YOASOBI「アイドル」はオリコン合算シングルランキングで現在までに116万ポイントを突破しており、King & Prince「Life goes on」やSnow Manタペストリー」を年間単位で上回るものと思われます。デジタルに強い曲がロングヒットすることでフィジカルセールスの影響力が強い複合指標ランキングでも中長期で勝ることを踏まえれば、デジタルの強化、未解禁作品や歌手の施策見直しの必要性がよく解るはずです。

 

 

最後に。このブログではフィジカルセールスについての考え方について、以前オリコン合算シングルランキングとビルボードジャパンソングチャートとを比較した際に述べており、今回あらためて掲載します。

フィジカルセールスの高さはコアファンの熱量の大きさに因る部分が徐々に大きくなっていますが、(コアファンが過度な負担を感じなければ)その結果としての売上枚数は評価可能とは考えます。ただし複合指標から成る音楽チャートにおいてはライト層の支持を獲得(すなわちコアファン向けキャンペーンに頼ることなくストリーミング等デジタルでヒット)し、フィジカルセールスでバックアップするのが理想形というのが私見です。

フィジカルセールスが日本独特且つ旧態依然のやり方である、もしくはフィジカルセールス指標を複合指標の音楽チャートから外すべきという声があるならば、それら声には完全には賛同しかねます(なお後者については指標自体のウエイトを下げる必要があると考え、理由は以前提示しています→こちら)。

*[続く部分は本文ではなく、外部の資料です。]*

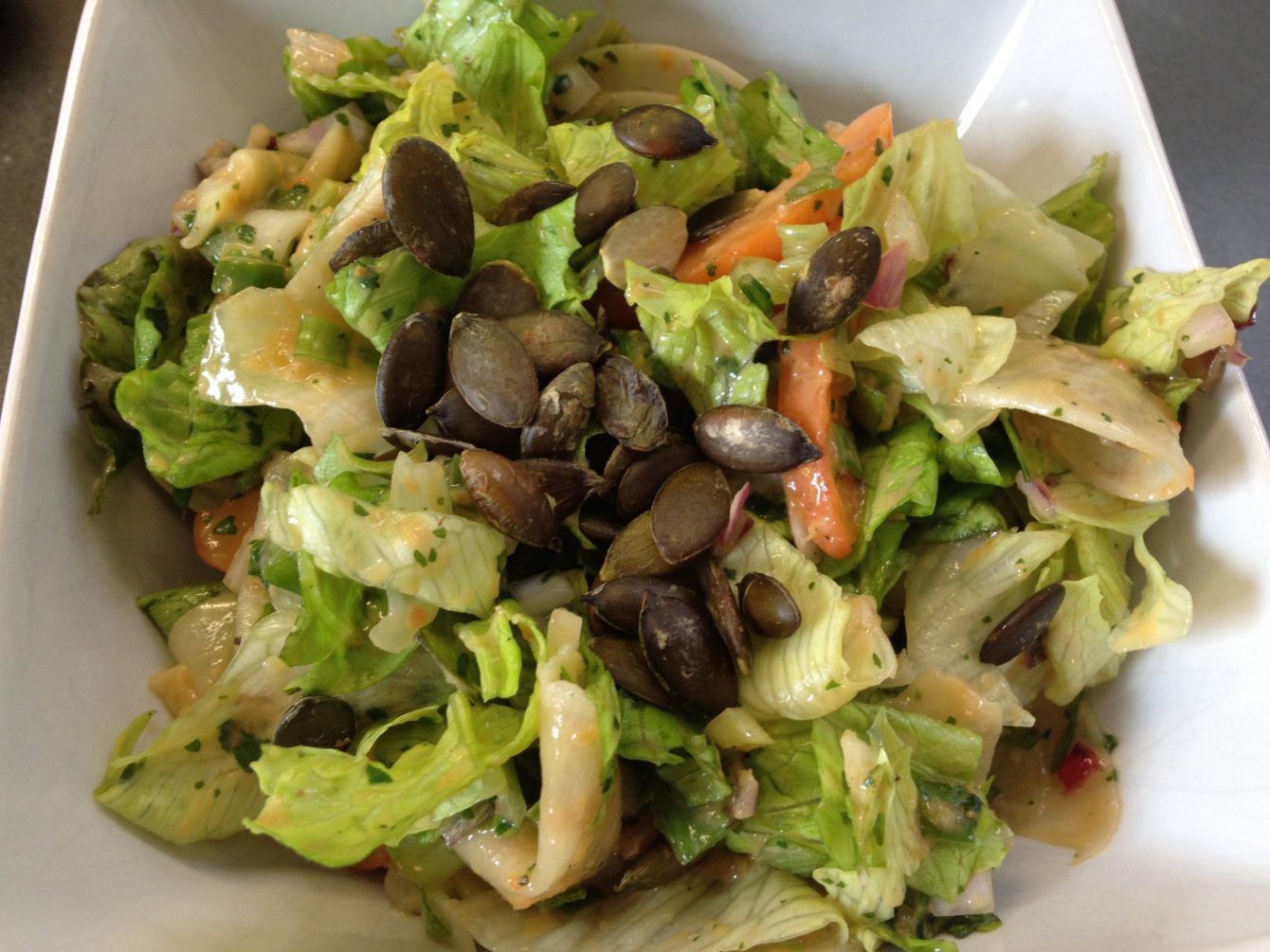 Kürbiskerne und Fetan darüberstreuen und servieren.
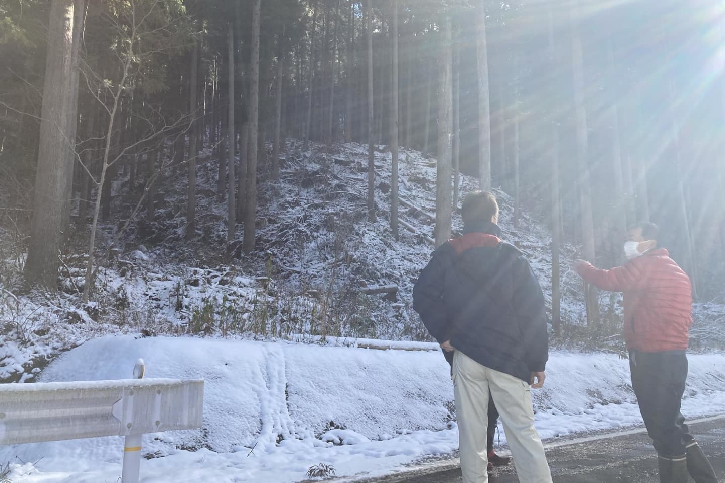2020年12月―現地を視察しながら、山主さんに話を伺う。
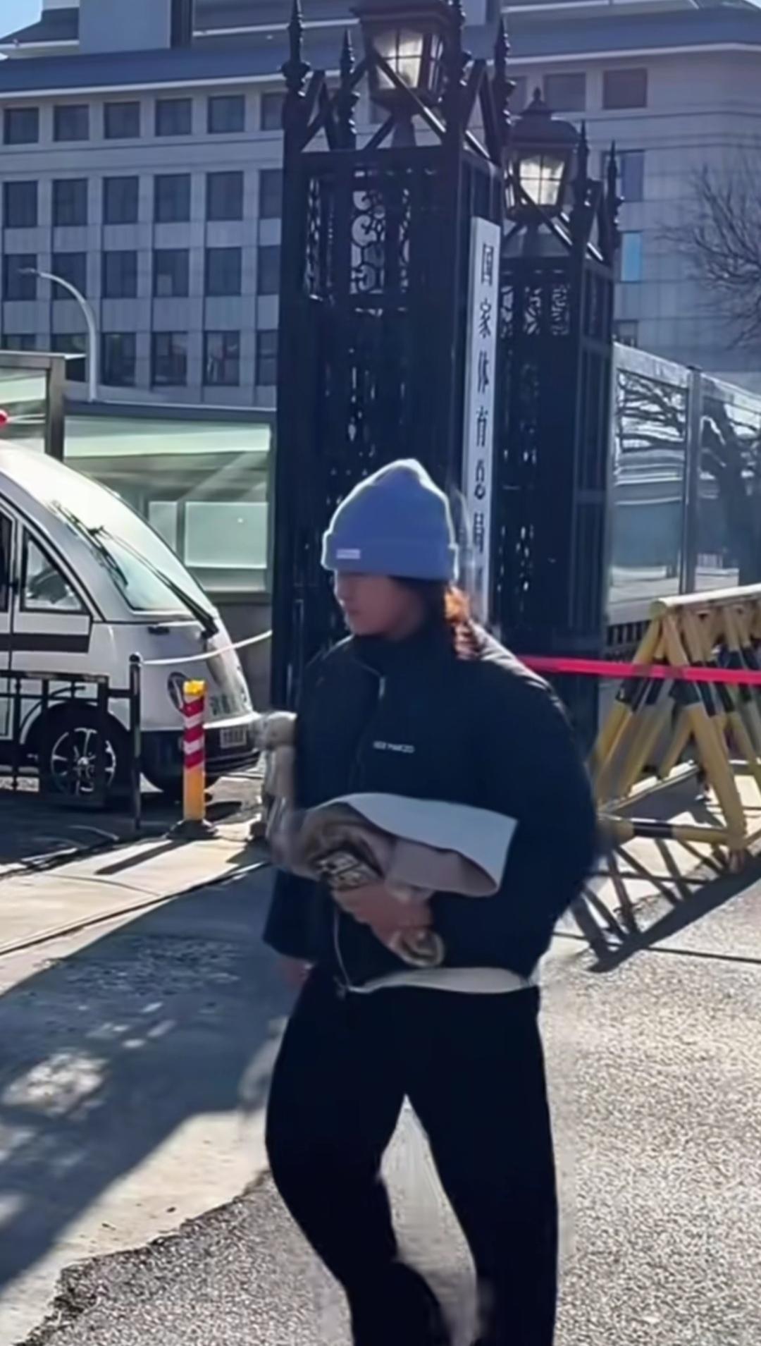 12月21日,全红婵坐着一辆白色轿车,去体育总局了,看起来还是那么可爱。 全红婵穿着白色板鞋,黑色裤子和黑色羽绒服,戴着蓝色帽子,有意思的是,黑色羽绒服的右胳膊上还佩戴了小玩偶。 全红婵在北京还和陈艺文相聚了,陈艺文戴着墨镜,她们一起在户外的小桌子上喝着饮品,两个人还相拥着一起合影,这是她们最快乐的时光。
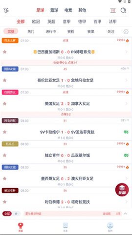 2、即时比分功能让用户可以获得最快、最全、最准确的比分直播推送,不会错过任何精彩场面。
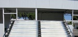 - CPC CADOX photo reactor prototype (Figure 1b): it consists of four CPC units (50 mm tube diameter) with a total gathering surface of 4 m2 and a water treatment volume of 75 L of which 45 L are illuminated. This prototype has been designed and built to connect it to an ozonization system (50 L) and treatment through biological oxidation. It also has a pH, Tª, DO, H2O2, O3 and water Tª control and reactive dosage monitoring system. Besides, and connected to this photo-reactor, there is a biological water treatment system consisting of three tanks: a 165 L conical tank for wastewater conditioning, a 100 L conical recirculation tank and a 170 L flat-bottom fixed-bed aerobic biological reactor (filled with 90-95 L of Pall®Ring polypropylene supports to be colonized by active sludge).
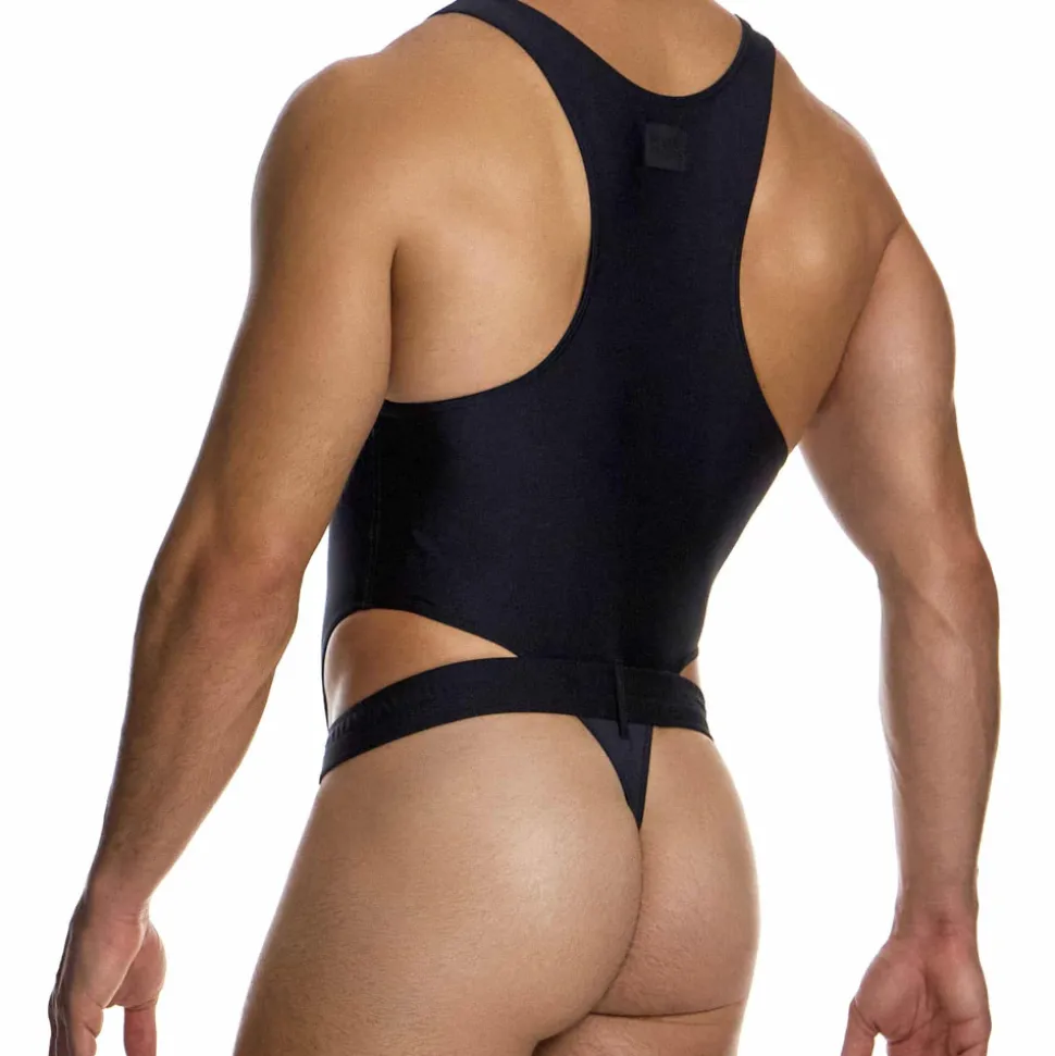 Body de bain sophistiqué et audacieux en microfibre satinée, douce et séchant rapidement. Ceinture élastique amovible avec fermoir métallique. Poche frontale non doublée. Dos nageur. Col en U plongeant. Logo Modus Vivendi en silicone cousu dans le dos.

フィジカルはデジタルの補完的な役割として位置付けるのが最善と考えるに、すべての歌手がデジタルできちんと挑むこと、デジタル未解禁歌手や芸能事務所側を業界全体で説得することが必要です。

チャートポリシーが変わらないままのオリコンや、デジタル未解禁を続ける歌手側を説得してきたか、そのプロセスを開示することをエンタテインメント業界側に対し切望します。そのプロセスが見えることで、業界全体の改善がより速まるかもしれません。

この考え方が完全に正しいとは限らないかもしれませんが、ビルボードジャパンソングチャートが真の社会的ヒットの鑑と成ってきていることは間違いありません。提示した考え方やビルボードジャパンのチャートがより広く認知浸透すること、歌手側がデジタルに明るくなりオリコンが合算ランキングに対するスタンスを適宜見直すこと、そしてエンタテインメント業界全体が足並みを揃えるべく積極的に改善することを願います。